Would you please repeat, word for word, only the lines from the one holding "in der Küche." through the one holding "A very impressive" in the material below, without the pictures?

Start of The records

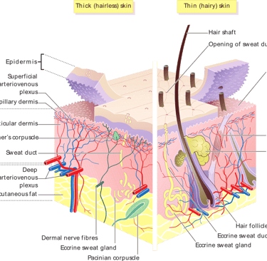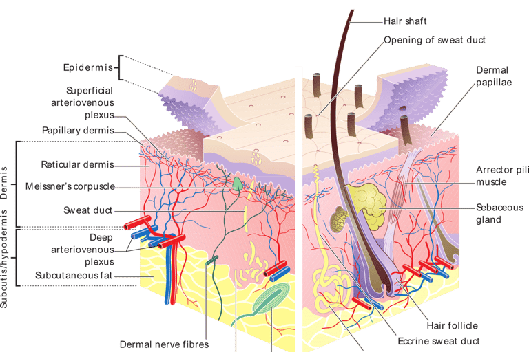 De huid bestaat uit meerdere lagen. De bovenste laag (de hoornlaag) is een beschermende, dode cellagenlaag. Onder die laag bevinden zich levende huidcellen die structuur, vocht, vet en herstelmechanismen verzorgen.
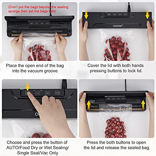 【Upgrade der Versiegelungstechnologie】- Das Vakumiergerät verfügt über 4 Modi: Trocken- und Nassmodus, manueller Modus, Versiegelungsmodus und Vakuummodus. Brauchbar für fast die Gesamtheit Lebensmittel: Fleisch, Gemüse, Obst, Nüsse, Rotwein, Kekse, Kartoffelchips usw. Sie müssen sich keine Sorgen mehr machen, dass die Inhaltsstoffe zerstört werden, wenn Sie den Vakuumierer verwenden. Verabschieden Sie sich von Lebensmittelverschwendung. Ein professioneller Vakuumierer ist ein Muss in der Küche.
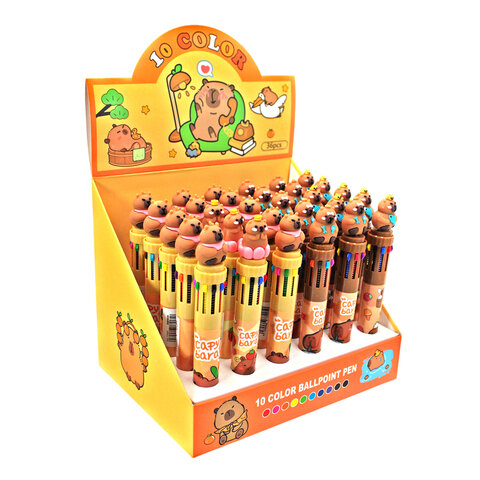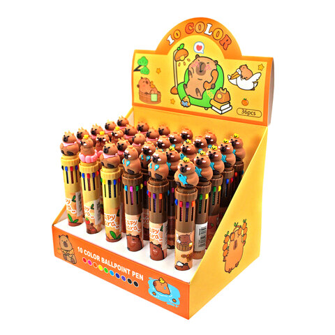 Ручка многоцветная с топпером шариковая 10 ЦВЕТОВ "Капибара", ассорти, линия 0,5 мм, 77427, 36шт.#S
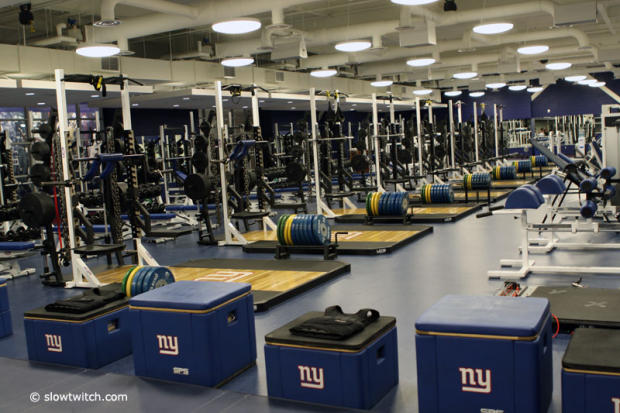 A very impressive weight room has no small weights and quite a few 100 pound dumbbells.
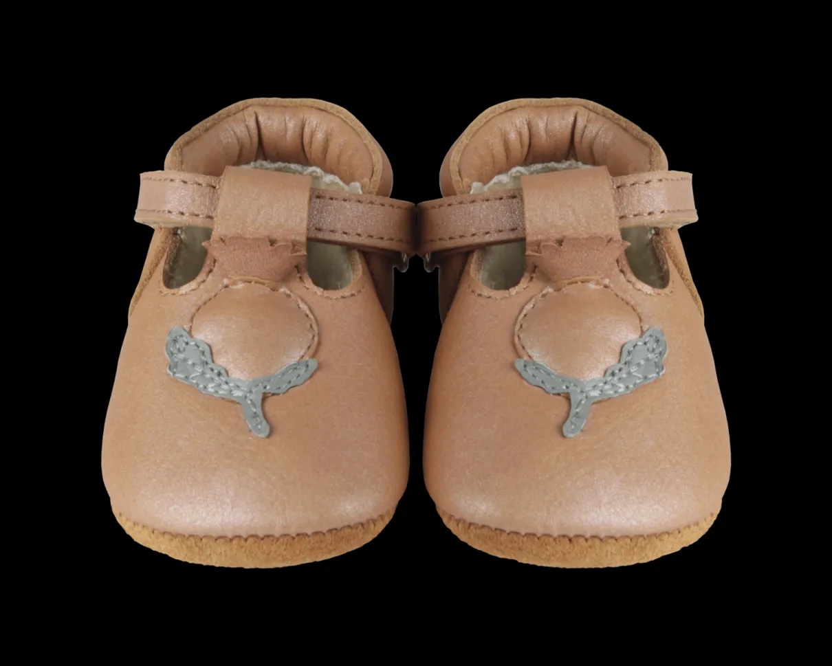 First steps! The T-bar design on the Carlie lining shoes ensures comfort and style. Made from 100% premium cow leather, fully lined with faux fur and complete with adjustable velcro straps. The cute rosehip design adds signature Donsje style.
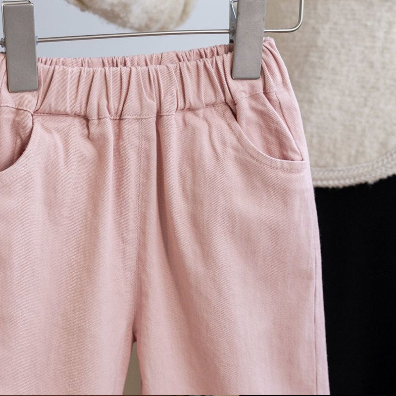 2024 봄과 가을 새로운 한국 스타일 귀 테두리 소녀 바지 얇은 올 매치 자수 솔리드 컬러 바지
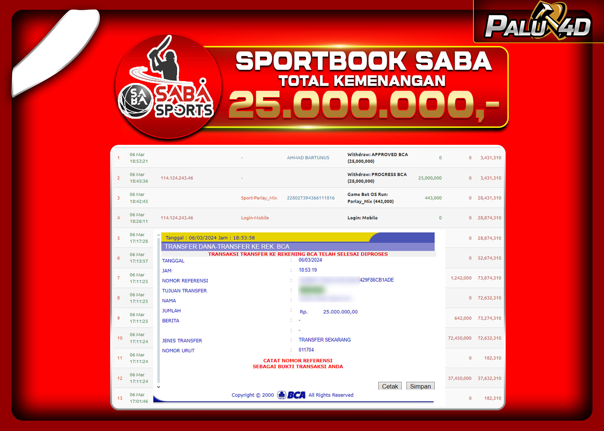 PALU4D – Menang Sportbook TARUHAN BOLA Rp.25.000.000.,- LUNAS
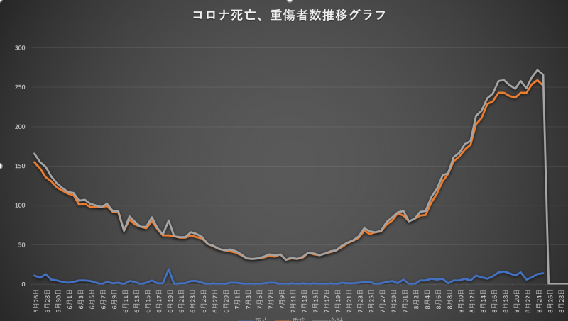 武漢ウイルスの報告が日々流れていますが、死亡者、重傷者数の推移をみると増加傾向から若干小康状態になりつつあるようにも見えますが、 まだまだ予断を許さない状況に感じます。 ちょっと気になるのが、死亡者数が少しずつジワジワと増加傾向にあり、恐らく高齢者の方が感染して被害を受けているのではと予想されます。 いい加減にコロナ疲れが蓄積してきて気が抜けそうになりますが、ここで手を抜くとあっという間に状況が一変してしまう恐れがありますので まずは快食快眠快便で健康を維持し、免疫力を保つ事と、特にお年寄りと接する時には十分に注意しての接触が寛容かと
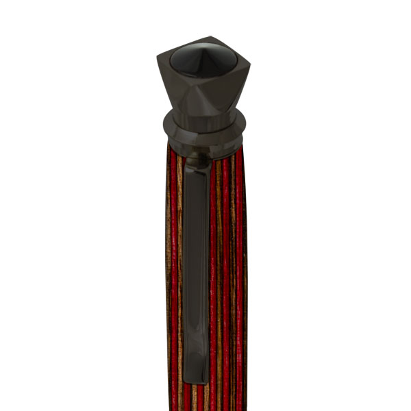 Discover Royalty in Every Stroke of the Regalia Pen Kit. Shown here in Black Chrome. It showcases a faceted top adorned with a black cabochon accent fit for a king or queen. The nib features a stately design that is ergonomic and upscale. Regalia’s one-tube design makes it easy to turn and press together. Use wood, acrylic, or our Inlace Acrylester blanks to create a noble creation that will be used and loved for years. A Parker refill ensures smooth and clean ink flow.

End of The records
Start of The records

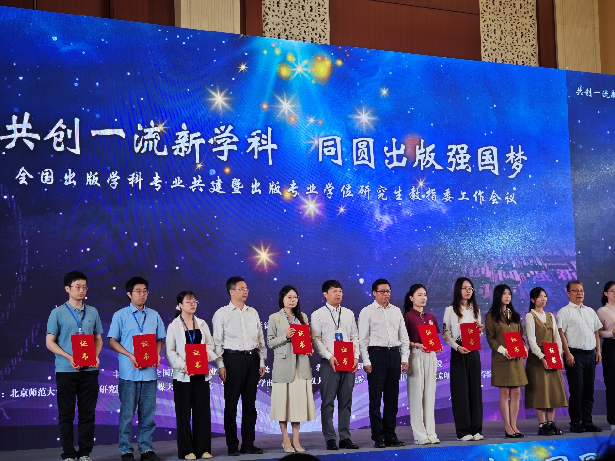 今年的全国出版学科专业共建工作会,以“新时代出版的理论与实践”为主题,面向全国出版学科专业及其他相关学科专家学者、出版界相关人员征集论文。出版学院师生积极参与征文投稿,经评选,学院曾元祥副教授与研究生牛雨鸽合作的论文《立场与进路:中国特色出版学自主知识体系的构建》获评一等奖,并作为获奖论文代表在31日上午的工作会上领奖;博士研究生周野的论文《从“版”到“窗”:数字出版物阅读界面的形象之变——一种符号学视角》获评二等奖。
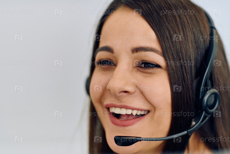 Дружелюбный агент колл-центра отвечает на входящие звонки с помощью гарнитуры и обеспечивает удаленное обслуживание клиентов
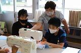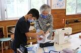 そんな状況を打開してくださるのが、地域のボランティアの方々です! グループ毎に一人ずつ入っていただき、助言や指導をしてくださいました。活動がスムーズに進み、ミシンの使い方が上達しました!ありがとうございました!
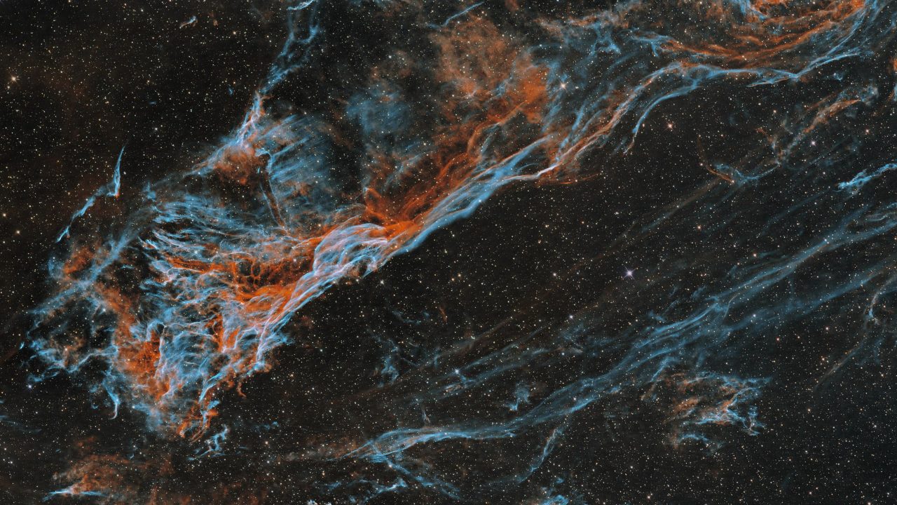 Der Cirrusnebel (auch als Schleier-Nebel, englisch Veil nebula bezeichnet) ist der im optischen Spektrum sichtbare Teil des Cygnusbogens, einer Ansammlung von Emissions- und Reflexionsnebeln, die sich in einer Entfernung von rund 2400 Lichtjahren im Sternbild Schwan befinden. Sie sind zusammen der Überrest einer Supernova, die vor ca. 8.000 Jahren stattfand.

End of The records

Answer to this problem>
 【Upgrade der Versiegelungstechnologie】- Das Vakumiergerät verfügt über 4 Modi: Trocken- und Nassmodus, manueller Modus, Versiegelungsmodus und Vakuummodus. Brauchbar für fast die Gesamtheit Lebensmittel: Fleisch, Gemüse, Obst, Nüsse, Rotwein, Kekse, Kartoffelchips usw. Sie müssen sich keine Sorgen mehr machen, dass die Inhaltsstoffe zerstört werden, wenn Sie den Vakuumierer verwenden. Verabschieden Sie sich von Lebensmittelverschwendung. Ein professioneller Vakuumierer ist ein Muss in der Küche.
 Ручка многоцветная с топпером шариковая 10 ЦВЕТОВ "Капибара", ассорти, линия 0,5 мм, 77427, 36шт.#S
 A very impressive weight room has no small weights and quite a few 100 pound dumbbells.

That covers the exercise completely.